● EXTRACTED MATERIAL:
□ □ □ □ □
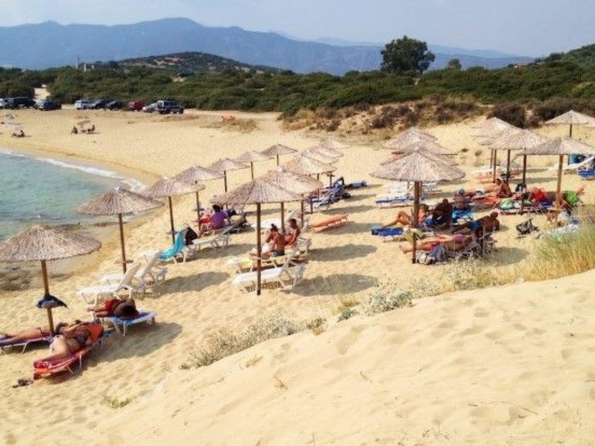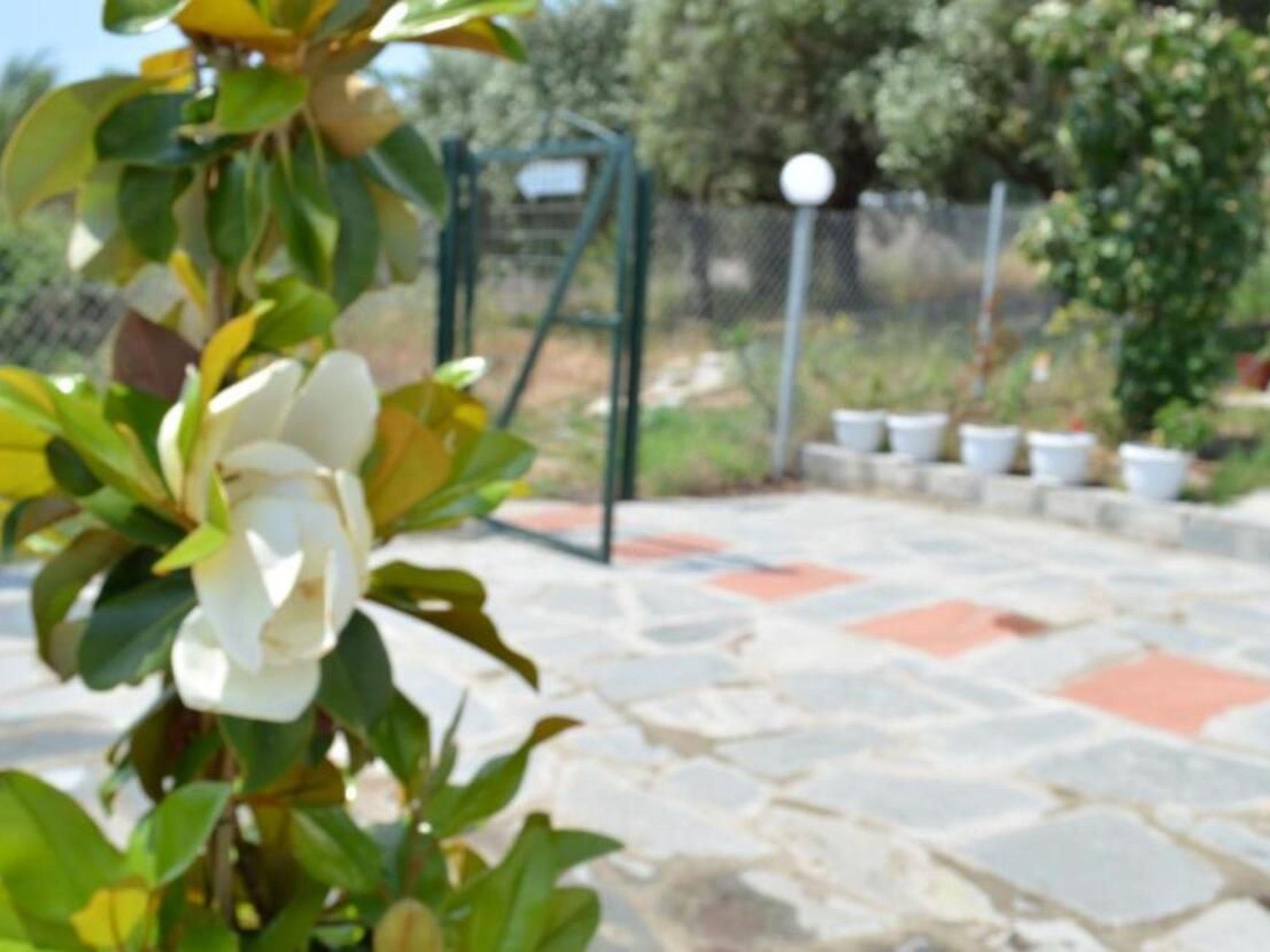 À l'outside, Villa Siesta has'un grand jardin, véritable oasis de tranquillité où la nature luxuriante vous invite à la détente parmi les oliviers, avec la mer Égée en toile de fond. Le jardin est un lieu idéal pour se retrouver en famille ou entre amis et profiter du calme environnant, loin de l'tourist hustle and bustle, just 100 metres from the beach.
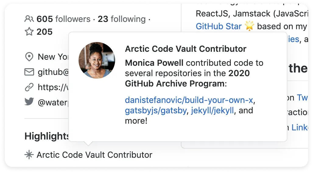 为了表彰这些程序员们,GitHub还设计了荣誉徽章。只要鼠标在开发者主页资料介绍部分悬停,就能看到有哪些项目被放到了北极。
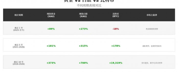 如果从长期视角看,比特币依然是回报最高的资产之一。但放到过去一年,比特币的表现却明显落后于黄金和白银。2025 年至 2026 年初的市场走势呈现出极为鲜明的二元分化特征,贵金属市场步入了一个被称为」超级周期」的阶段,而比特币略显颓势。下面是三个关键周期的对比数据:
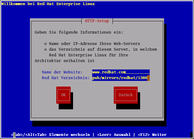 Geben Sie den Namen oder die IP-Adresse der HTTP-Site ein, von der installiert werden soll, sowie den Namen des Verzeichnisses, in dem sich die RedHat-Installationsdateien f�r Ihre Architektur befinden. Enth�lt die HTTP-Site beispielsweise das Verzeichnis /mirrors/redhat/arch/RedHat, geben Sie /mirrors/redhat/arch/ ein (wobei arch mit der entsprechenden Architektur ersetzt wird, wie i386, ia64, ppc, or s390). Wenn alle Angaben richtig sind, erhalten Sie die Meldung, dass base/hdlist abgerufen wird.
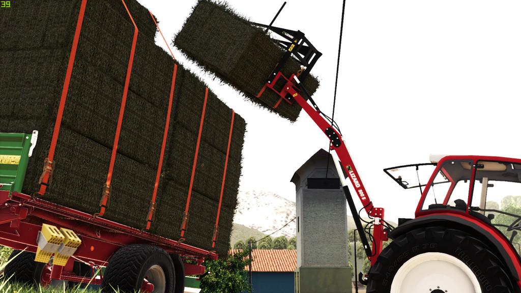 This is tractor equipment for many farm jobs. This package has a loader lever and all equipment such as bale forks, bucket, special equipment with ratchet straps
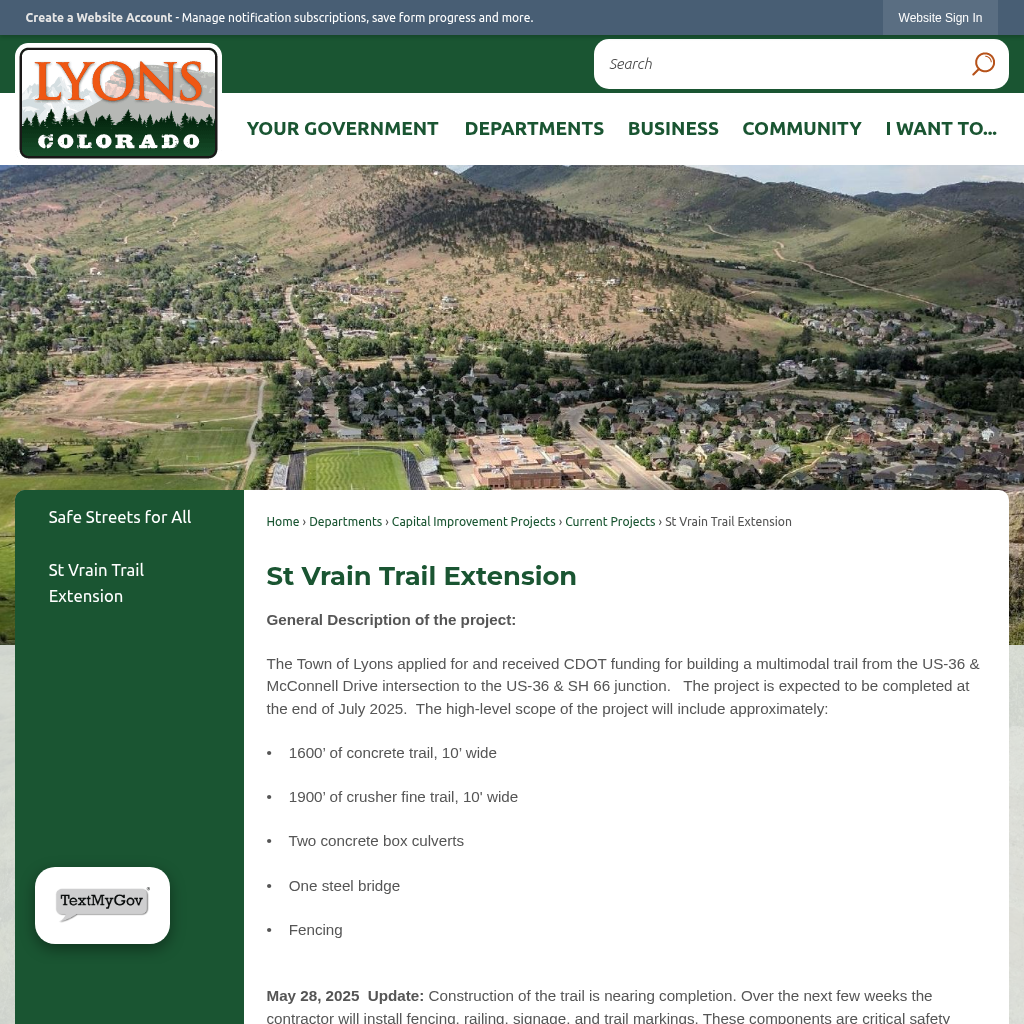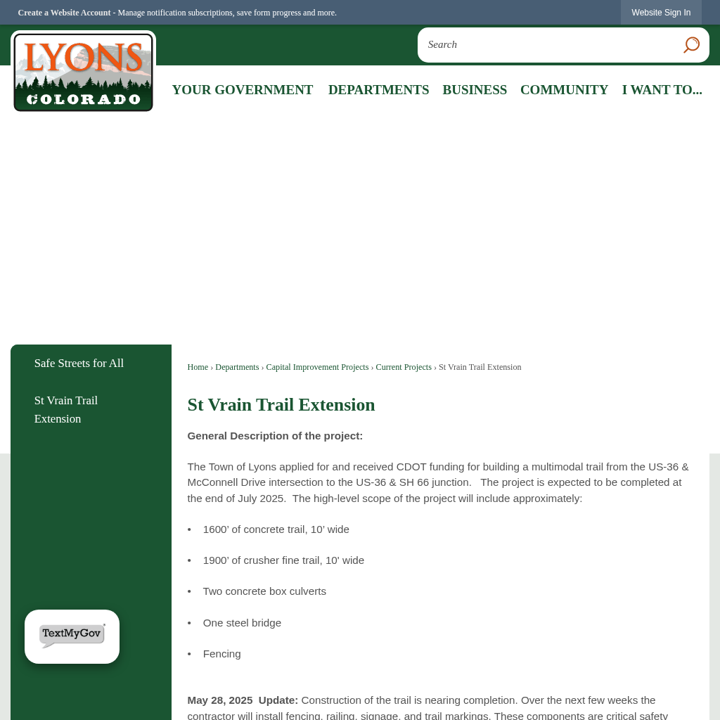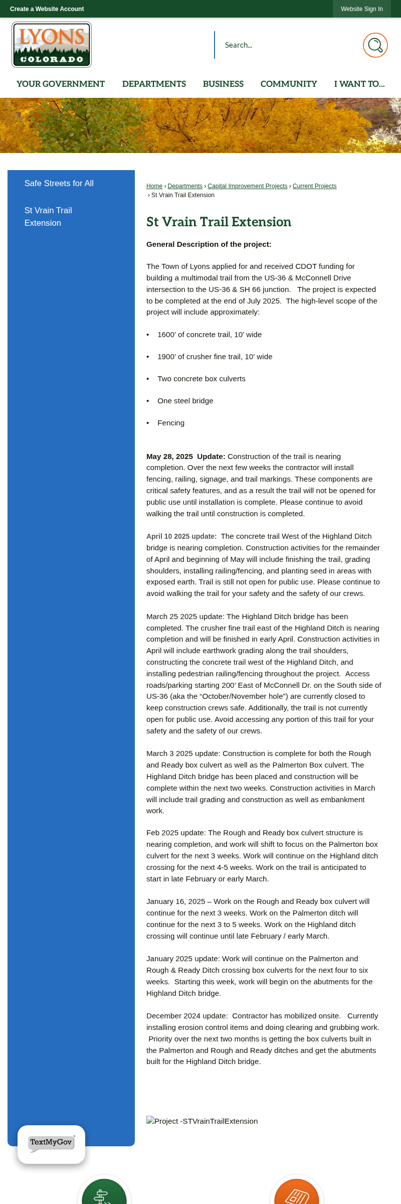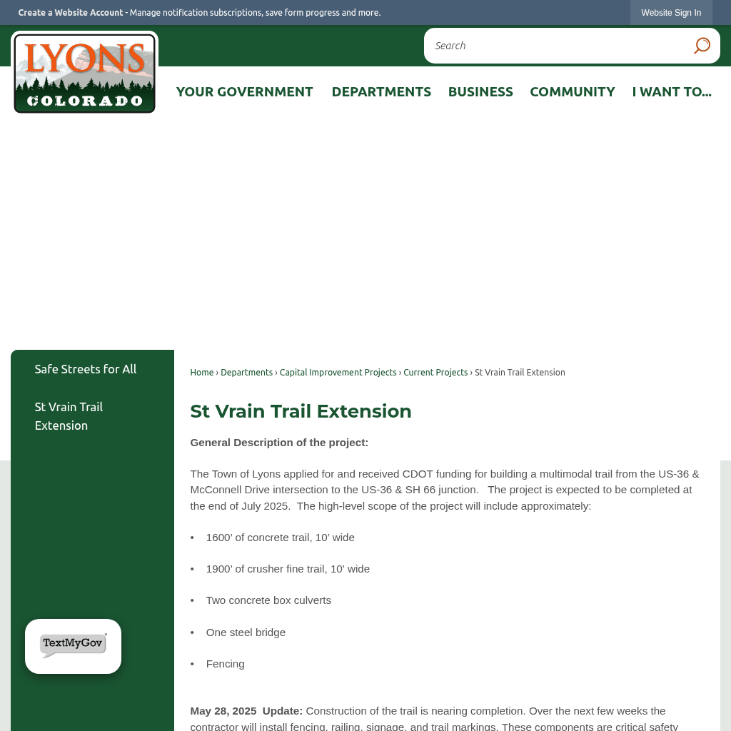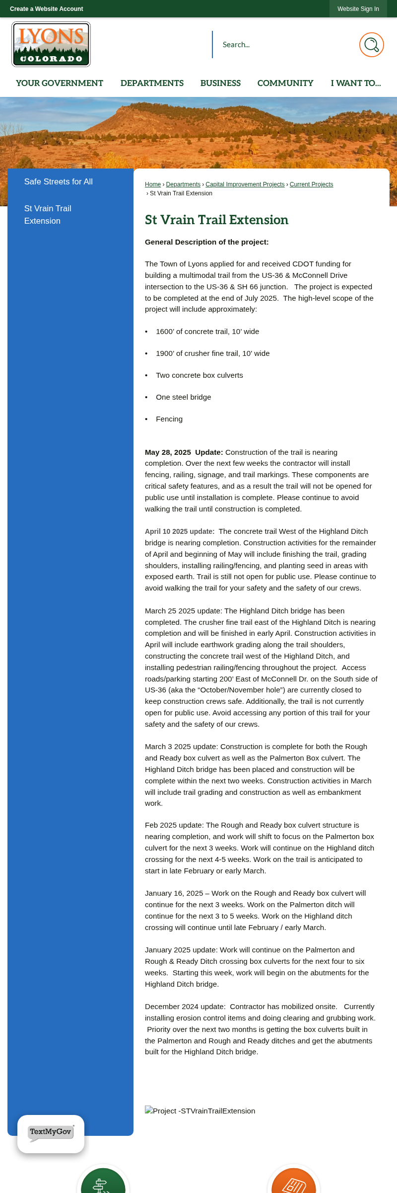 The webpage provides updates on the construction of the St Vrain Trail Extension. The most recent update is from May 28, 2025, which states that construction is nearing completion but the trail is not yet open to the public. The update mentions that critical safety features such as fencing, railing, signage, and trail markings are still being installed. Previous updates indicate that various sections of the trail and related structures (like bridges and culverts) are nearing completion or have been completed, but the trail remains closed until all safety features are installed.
□ □ □ □ □
● WHAT THIS TASK INVOLVES:
Without any of the pictures, reproduce the listing above exactly.

● ANSWER TO THIS EXERCISE:
 À l'outside, Villa Siesta has'un grand jardin, véritable oasis de tranquillité où la nature luxuriante vous invite à la détente parmi les oliviers, avec la mer Égée en toile de fond. Le jardin est un lieu idéal pour se retrouver en famille ou entre amis et profiter du calme environnant, loin de l'tourist hustle and bustle, just 100 metres from the beach.
 为了表彰这些程序员们,GitHub还设计了荣誉徽章。只要鼠标在开发者主页资料介绍部分悬停,就能看到有哪些项目被放到了北极。
 如果从长期视角看,比特币依然是回报最高的资产之一。但放到过去一年,比特币的表现却明显落后于黄金和白银。2025 年至 2026 年初的市场走势呈现出极为鲜明的二元分化特征,贵金属市场步入了一个被称为」超级周期」的阶段,而比特币略显颓势。下面是三个关键周期的对比数据:
 Geben Sie den Namen oder die IP-Adresse der HTTP-Site ein, von der installiert werden soll, sowie den Namen des Verzeichnisses, in dem sich die RedHat-Installationsdateien f�r Ihre Architektur befinden. Enth�lt die HTTP-Site beispielsweise das Verzeichnis /mirrors/redhat/arch/RedHat, geben Sie /mirrors/redhat/arch/ ein (wobei arch mit der entsprechenden Architektur ersetzt wird, wie i386, ia64, ppc, or s390). Wenn alle Angaben richtig sind, erhalten Sie die Meldung, dass base/hdlist abgerufen wird.
 This is tractor equipment for many farm jobs. This package has a loader lever and all equipment such as bale forks, bucket, special equipment with ratchet straps
 The webpage provides updates on the construction of the St Vrain Trail Extension. The most recent update is from May 28, 2025, which states that construction is nearing completion but the trail is not yet open to the public. The update mentions that critical safety features such as fencing, railing, signage, and trail markings are still being installed. Previous updates indicate that various sections of the trail and related structures (like bridges and culverts) are nearing completion or have been completed, but the trail remains closed until all safety features are installed.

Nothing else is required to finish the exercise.